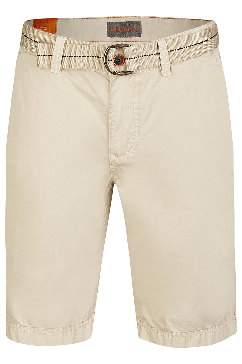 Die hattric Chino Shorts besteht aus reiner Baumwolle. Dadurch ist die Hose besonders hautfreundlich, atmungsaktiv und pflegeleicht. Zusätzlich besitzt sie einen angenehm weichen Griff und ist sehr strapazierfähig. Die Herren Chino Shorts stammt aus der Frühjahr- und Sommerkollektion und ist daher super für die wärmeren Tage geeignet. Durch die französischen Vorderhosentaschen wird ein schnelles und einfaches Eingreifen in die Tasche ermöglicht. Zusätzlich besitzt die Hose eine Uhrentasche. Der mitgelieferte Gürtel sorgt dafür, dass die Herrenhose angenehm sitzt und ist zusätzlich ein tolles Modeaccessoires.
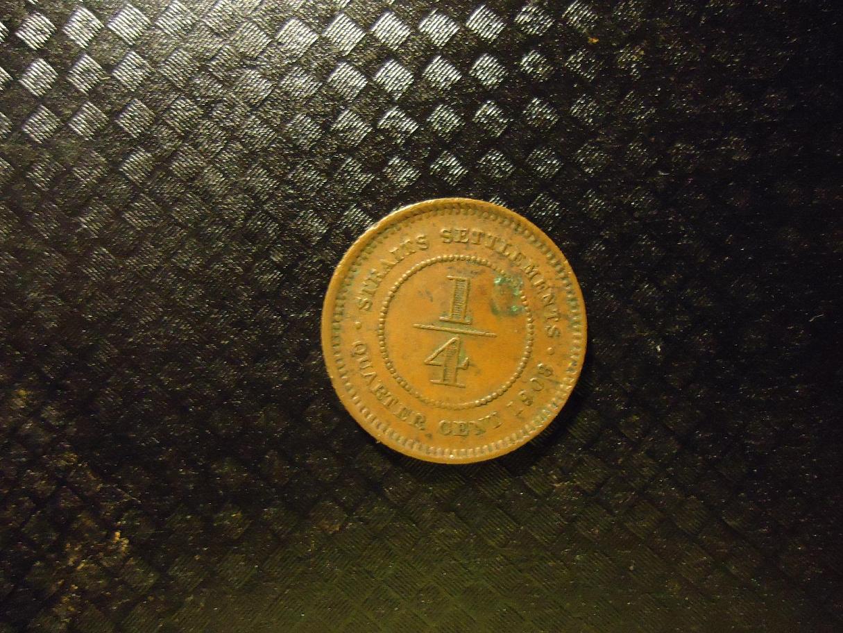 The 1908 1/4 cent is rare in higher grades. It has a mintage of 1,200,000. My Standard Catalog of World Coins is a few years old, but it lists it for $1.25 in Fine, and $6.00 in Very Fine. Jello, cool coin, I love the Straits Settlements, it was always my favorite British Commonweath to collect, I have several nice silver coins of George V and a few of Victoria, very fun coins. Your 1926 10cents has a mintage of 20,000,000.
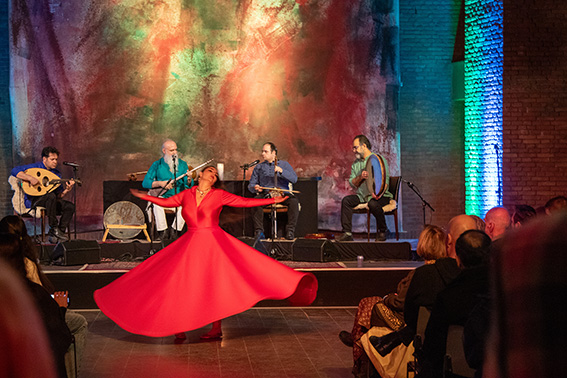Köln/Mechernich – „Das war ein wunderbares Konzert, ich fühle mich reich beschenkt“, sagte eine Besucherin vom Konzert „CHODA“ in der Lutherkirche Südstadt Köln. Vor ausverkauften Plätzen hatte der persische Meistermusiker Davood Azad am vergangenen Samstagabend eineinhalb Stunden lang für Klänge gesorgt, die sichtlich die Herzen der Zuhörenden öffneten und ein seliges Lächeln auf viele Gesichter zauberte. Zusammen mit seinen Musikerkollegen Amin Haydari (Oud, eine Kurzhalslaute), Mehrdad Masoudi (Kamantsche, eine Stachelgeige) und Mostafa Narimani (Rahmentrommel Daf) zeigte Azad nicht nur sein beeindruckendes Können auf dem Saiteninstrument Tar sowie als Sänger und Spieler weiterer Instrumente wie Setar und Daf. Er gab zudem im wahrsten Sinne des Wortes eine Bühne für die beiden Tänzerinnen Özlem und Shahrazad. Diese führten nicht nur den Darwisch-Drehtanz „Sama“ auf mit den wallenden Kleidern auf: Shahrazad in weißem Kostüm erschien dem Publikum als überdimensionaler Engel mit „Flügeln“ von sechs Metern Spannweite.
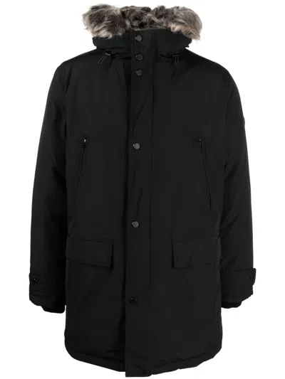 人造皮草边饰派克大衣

| WORK REQUEST |
Could the data above be copied out exactly, with no pictures kept?

| ANSWER BOX |
 Die hattric Chino Shorts besteht aus reiner Baumwolle. Dadurch ist die Hose besonders hautfreundlich, atmungsaktiv und pflegeleicht. Zusätzlich besitzt sie einen angenehm weichen Griff und ist sehr strapazierfähig. Die Herren Chino Shorts stammt aus der Frühjahr- und Sommerkollektion und ist daher super für die wärmeren Tage geeignet. Durch die französischen Vorderhosentaschen wird ein schnelles und einfaches Eingreifen in die Tasche ermöglicht. Zusätzlich besitzt die Hose eine Uhrentasche. Der mitgelieferte Gürtel sorgt dafür, dass die Herrenhose angenehm sitzt und ist zusätzlich ein tolles Modeaccessoires.
 The 1908 1/4 cent is rare in higher grades. It has a mintage of 1,200,000. My Standard Catalog of World Coins is a few years old, but it lists it for $1.25 in Fine, and $6.00 in Very Fine. Jello, cool coin, I love the Straits Settlements, it was always my favorite British Commonweath to collect, I have several nice silver coins of George V and a few of Victoria, very fun coins. Your 1926 10cents has a mintage of 20,000,000.
Köln/Mechernich – „Das war ein wunderbares Konzert, ich fühle mich reich beschenkt“, sagte eine Besucherin vom Konzert „CHODA“ in der Lutherkirche Südstadt Köln. Vor ausverkauften Plätzen hatte der persische Meistermusiker Davood Azad am vergangenen Samstagabend eineinhalb Stunden lang für Klänge gesorgt, die sichtlich die Herzen der Zuhörenden öffneten und ein seliges Lächeln auf viele Gesichter zauberte. Zusammen mit seinen Musikerkollegen Amin Haydari (Oud, eine Kurzhalslaute), Mehrdad Masoudi (Kamantsche, eine Stachelgeige) und Mostafa Narimani (Rahmentrommel Daf) zeigte Azad nicht nur sein beeindruckendes Können auf dem Saiteninstrument Tar sowie als Sänger und Spieler weiterer Instrumente wie Setar und Daf. Er gab zudem im wahrsten Sinne des Wortes eine Bühne für die beiden Tänzerinnen Özlem und Shahrazad. Diese führten nicht nur den Darwisch-Drehtanz „Sama“ auf mit den wallenden Kleidern auf: Shahrazad in weißem Kostüm erschien dem Publikum als überdimensionaler Engel mit „Flügeln“ von sechs Metern Spannweite.
 人造皮草边饰派克大衣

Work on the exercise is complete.